Emily Claims 10th Canadian Championship

NAKISKA, Alta. -- Rosemary Brydon wasn't holding back.

Adorned in a wild red and white Canadian Maple Leaf hat decorated with tiny bells, and clanging her cowbell wildly, Brydon greeted her daughter Emily with a warm hug and then posed for pictures on Wednesday morning after her run in the GMC Canadian alpine skiing championships women's super-G.

For years, Emily said, jokingly, she was "mortified" by the vision of her cheering mother near the finish line, but now, finally she can't get enough of it.

"She finally came around at 29," said Rosemary. "I finally got it through to her that this is cool!"

The irony, of course, is that Rosemary will only get a couple of more chances to cheer on her daughter. On Thursday, Emily Brydon will make it official, announcing her retirement from ski racing after 13 splendid years with the national ski team.

The Fernie native made her last super-G race a winning one, claiming her 10th Canadian championship, and fourth in the super-G.

"My goal was to leave on top while I still loved it, and I had a passion for it," she said. "I want to be able to ski for many years, and it was getting harder and harder on my body. I wanted to leave while I had the choice to walk away, while I was still good and while I still loved it."

Her World Cup career produced nine medals, including a 2008 super-G victory at St.
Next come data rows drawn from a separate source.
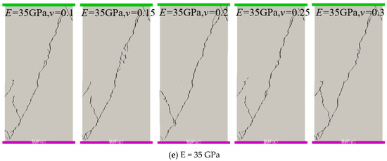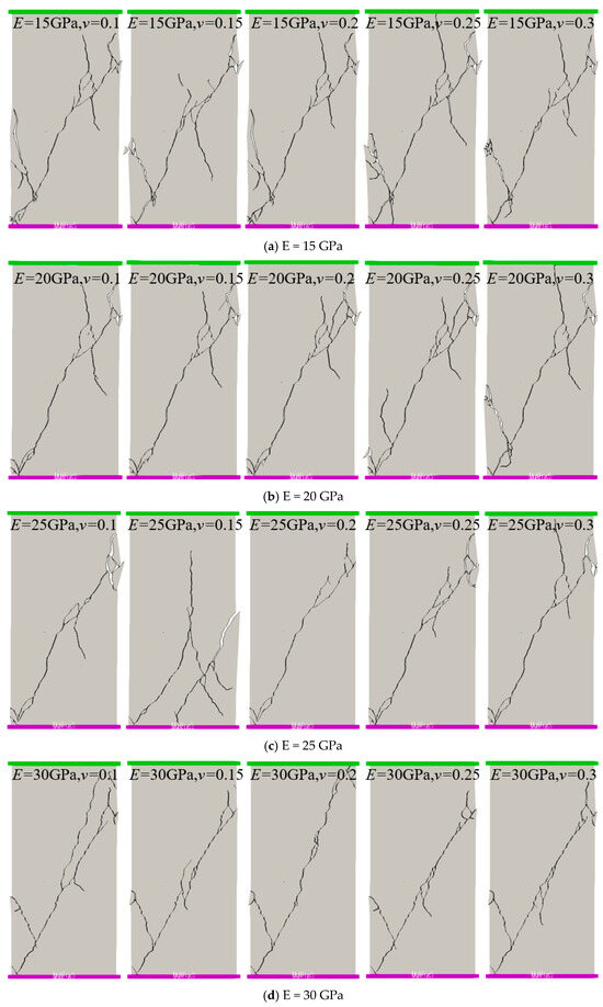When the elastic modulus is low, such as E = 15 GPa and 20 GPa, there is no significant change in crack behavior with varying Poisson’s ratios. However, when the Poisson’s ratio increases to 0.3, the number of crack branches decreases at E = 15 GPa, while new crack branches appear at E = 20 GPa. Furthermore, when the elastic modulus reaches a certain level, such as E = 25 GPa and 30 GPa, the influence of Poisson’s ratio on crack morphology becomes evident. Cracks formed under low Poisson’s ratios exhibit greater complexity compared to those formed under high Poisson’s ratios. As the elastic modulus continues to increase to 35 GPa, the influence of Poisson’s ratio on crack morphology diminishes.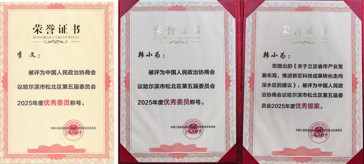 我校人大代表、政协委员还参加了哈尔滨市道里区第十七届人民代表大会第六次会议、中国人民政治协商会议哈尔滨市道里区第十五届委员会第五次会议、哈尔滨市松北区第五届人民代表大会第五次会议、中国人民政治协商会议哈尔滨市松北区第五届委员会第五次会议,围绕民生保障、公共服务、交通优化等领域,聚焦民生痛点,提出提案议案18项。李文、韩小为荣获优秀政协委员称号,韩小为提交的《关于立足省市产业发展布局,推进新区科技成果转化走向深水区的建议》荣获优秀提案。此外,李文以《推动人工智能教育先行区迈向示范区,持续赋能新区教育高质量发展》为题作大会发言。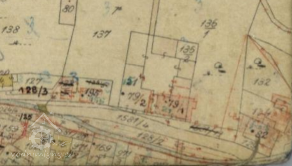 Popis1930: 1 kolo na svrchní vodu, hltnost 2,67 m3/s, spád 0,28 m (?), výkon 5,5 HP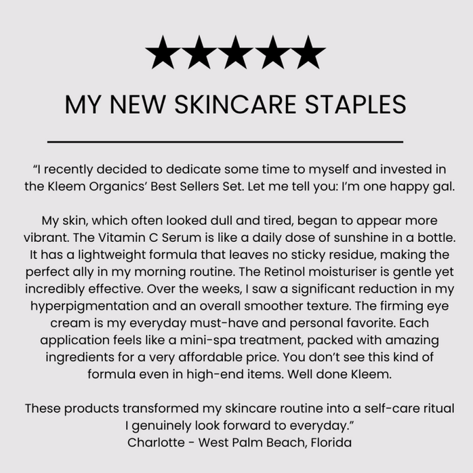 Kleem Organics' Vitamin C Serum, Eye Cream, and Retinol Cream are best-sellers due to their high-quality, scientifically formulated ingredients that deliver visible results, such as brighter skin, reduced wrinkles, and improved texture. The affordability and effectiveness of this bundle have garnered countless positive reviews, making it a trusted choice for achieving radiant, youthful skin.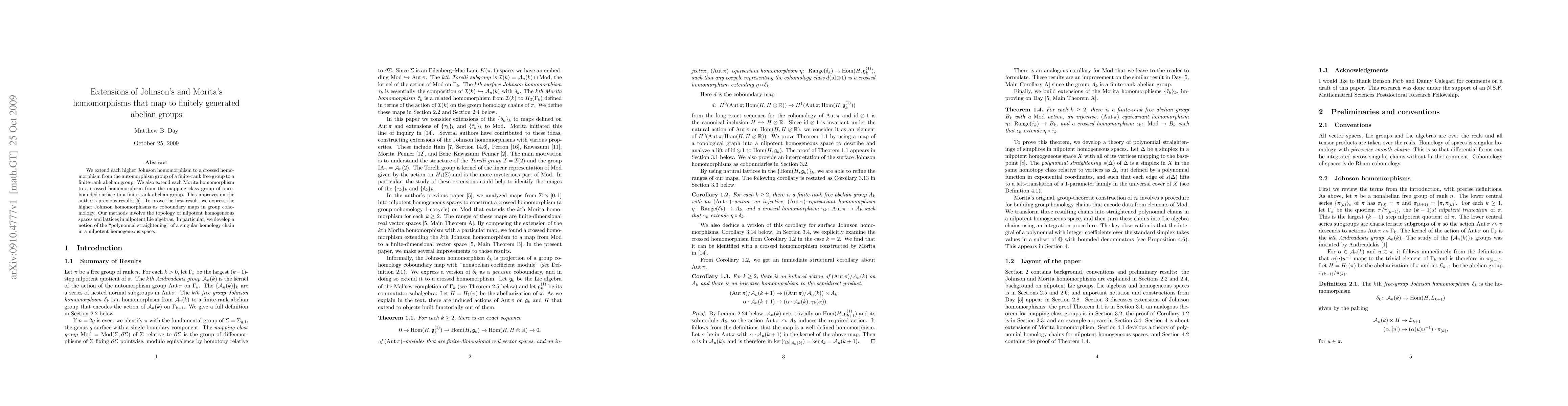 This paper extends higher Johnson and Morita homomorphisms to crossed homomorphisms mapping to finite-rank abelian groups, improving on prior results. The proofs leverage group cohomology, topology of nilpotent spaces, and the concept of "polynomial straightening" of singular homology chains.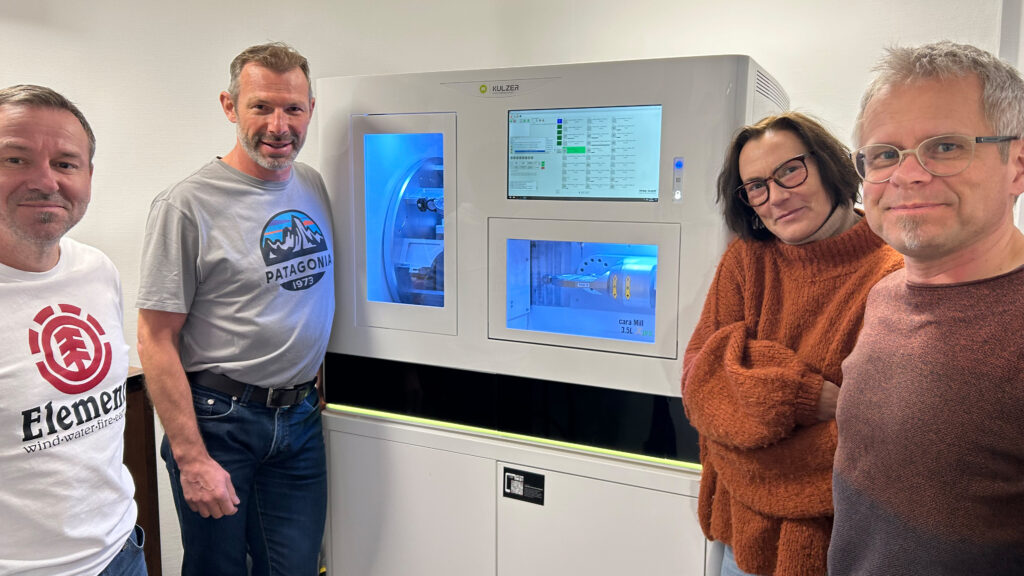 Die Begeisterung im Labor ist groß – die Maschine läuft bereits auf Hochtouren und die ersten Ergebnisse sind beeindruckend. „Durch die kompetente Einweisung des technischen Beraters von Kulzer sind wir bereits in der Lage, Teleskope zu fräsen“, verrät Roland Binder voller Stolz. „Und das mit nur einer Nachbesserung! Wir freuen uns alle sehr darauf, unsere Kunden mit hochwertigem Zahnersatz zu begeistern.“ Das dental team Ztm. Roland Binder – ein Labor, das nicht nur Zähne, sondern auch Herzen erobert.

Moritz, Switzerland, but it was the Lake Louise downhill silver and bronze she won on back-to-back days last November that really stand out.

Even if Brydon struggled with the mental aspects of skiing at times, she was never anything but a positive influence on her teammates.

"I've been on the team for seven years now and she's always been a bit of a mentor to me," said Shona Rubens of Canmore, Alta., who finished second in the super-G on Wednesday. "She's really positive, always happy, and a great inspiration to have around. We're going to miss her a lot. But it's going to be cool to see what she does with the rest of her life."

As for the next stage in her life, Brydon still isn't sure.

"I'll take till September to play and have fun and enjoy it, but we'll see how long that lasts because I like to be busy," she said. "And then I really want to school part-time and work part-time. And I'll keep working with my foundation, keep working with Right to Play, and just keep finding ways to give back."

Her competitive career will end with Saturday's slalom championship, a race she cheerfully admits she'll have no shot in, and then she'll put away the racing skis with no regrets.